TBH I felt the same way when I had my first (even though the sperm doner was there). I felt no real attachment at first, I was in shock from the trauma of birth and just.. tired. I looked at her thinking 'gosh, you're weird looking' lol. So I would say what you're feeling is completely normal and hopefully it's just the post pregnancy blues. Don't bother contacting the idiot father, believe me when I say it's easier that way.

My daughter is almost a teen now, and I'm so proud of who she is and who she made me. It gets easier, but if you are struggling please, Please, PLEASE make sure you get support. Heaps of organisations out there that can help. But for now, you've been through a lot, rest as much as possible and see how you feel tomorrow. One day at a time. Xx

DioneTheDiabolist · 10/02/2019 02:16

Baby is asleep. She doesn't feel like she belongs to me though. Is that wrong?
No.
I feel detached. I've cuddled her and fed her because I have to not because I want to.
Then you are doing exactly what she needs you to do.Flowers
I don't know what to do.
You've fed her and cuddled her. That's enough. Do that.
Right now I wish I hadn't had her.
It's scary, isn't it? Especially when you have to do it alone.Confused Most women have the dad doing his bit and their mum around. Your mum has other commitments and her dad isn't there for you and you are vulnerable because you've done this hugely physical thing that has weakened you and changed your life forever.

She was born 3.5 weeks early...and came in just 4 hours from first contraction
I get discombobulated when guests arrive 15 minutes early for dinner! Is it any wonder you feel as you do MamaCrazy.

You've done well my lovely. Your feelings are natural and understandable. Talk to the midwives, that's what they're there for and they will help you. And keep cuddling and feeding Edie (beautiful name by the way).Smile That's all she needs you to do.Flowers

arkela · 10/02/2019 02:18

I felt exactly the same way - I regretted having her and wished I could just walk away without a backward glance. It does pass!! Just hang in there. I'm so sorry that this hasn't been the experience that you'd hoped for. It will get better, I promise. There's going to be a day when you look at your daughter and the feeling you get will be like a hammerblow. Until then, just keep doing all the caring that you need to do. Much love to you.

AdaColeman · 10/02/2019 02:21

I hope you’re getting some rest now, things will start to feel better soon. Your hormones will be dancing the fandango at the moment and you will be exhausted too, so no wonder it all seems too much to cope with.

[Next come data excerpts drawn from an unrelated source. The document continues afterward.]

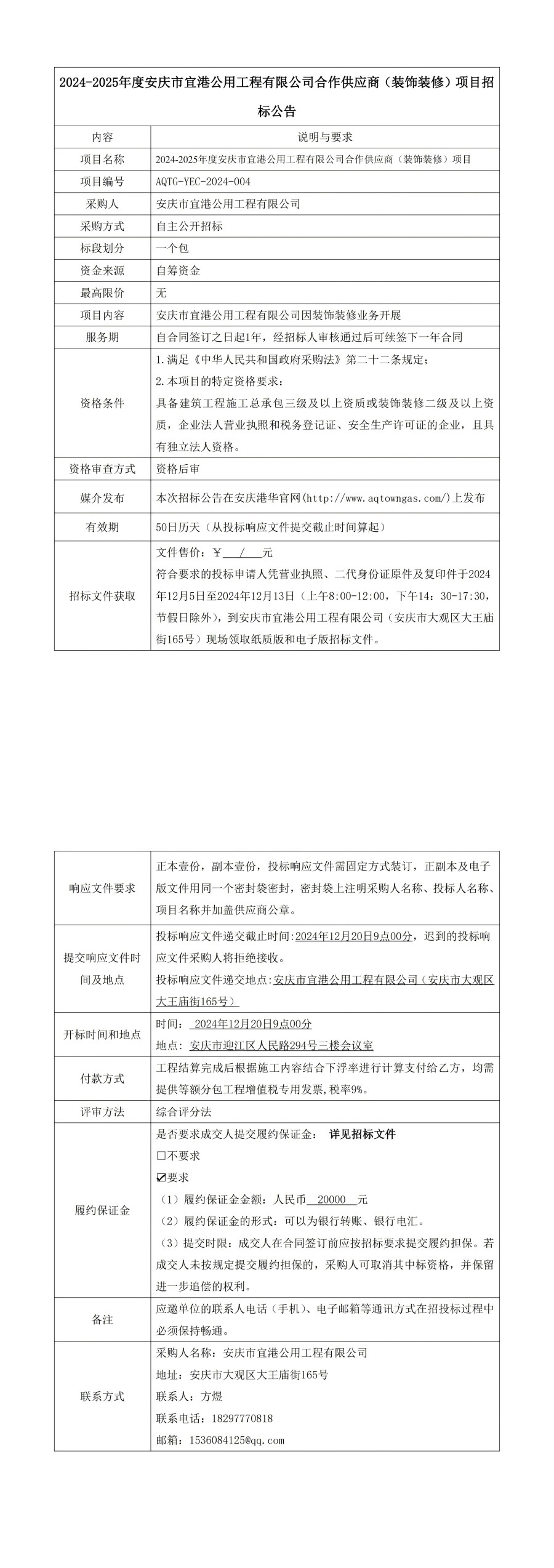 2024-2025年度安慶市宜港公用工程有限公司合作供應商(裝飾裝修)項目招標公告
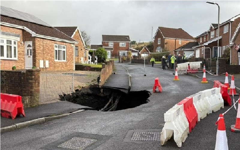 نيسان ـ أصيب سكان حي سكني في بريطانيا بحالة ذعر شديدة، حين فوجئوا بوقوع انهيار أرضي في الشارع أمام منازلهم بمقاطعة ميرثير تيدفيل، أمس الأحد، ما أثار مخاوف من إمكانية تمدده وتهديده للمباني القريبة.
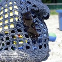 Get ready for summer with this convenient crochet beach tote. Perfect for the beach or pool, this tote is made up of large mesh squares that allow damp towels and swimsuits to breathe.
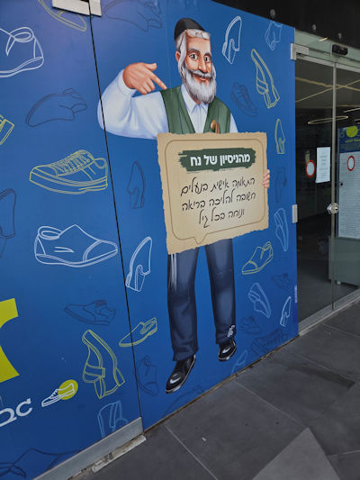 Je n'ai pas changé d'avis sur l'urbanisme de la ville, Beth Shémesh est une immense banlieue, avec plusieurs centres commerciaux dispersés. On vient d'en inaugurer un bien grand pas très loin de chez ma fille, avec un super marché "Rami Lévy". J'ai trouvé dans le centre cette vitrine qui m'a plu :

I remember lying awake in hospital all night after my baby was born at midnight, wondering what my life would be like from then on, it was all so strange and scary.

Rest while you can, take care of yourself, things will be brighter soon.
Welcome to the world little Edie! Thanks

MamaCrazy · 10/02/2019 02:23

Thank you everyone. You have no idea how much it means having somebody out there who cares. I'm going to try and get some sleep now. Edie is asleep.

OP posts:
HeartsTrumpDiamonds · 10/02/2019 02:26

The exact same thing happened to me - DD1 was born 3 weeks early with an emergency C section. I was so not ready for her and totally recognise what you are describing. I finished work and had planned a few weeks of pampering, lunches out and long naps - but I went into hospital the night I finished work and she was born 2 days later. I felt cheated and completely exhausted.

She is 15 now and the absolute love and light of my life (along with her younger sister).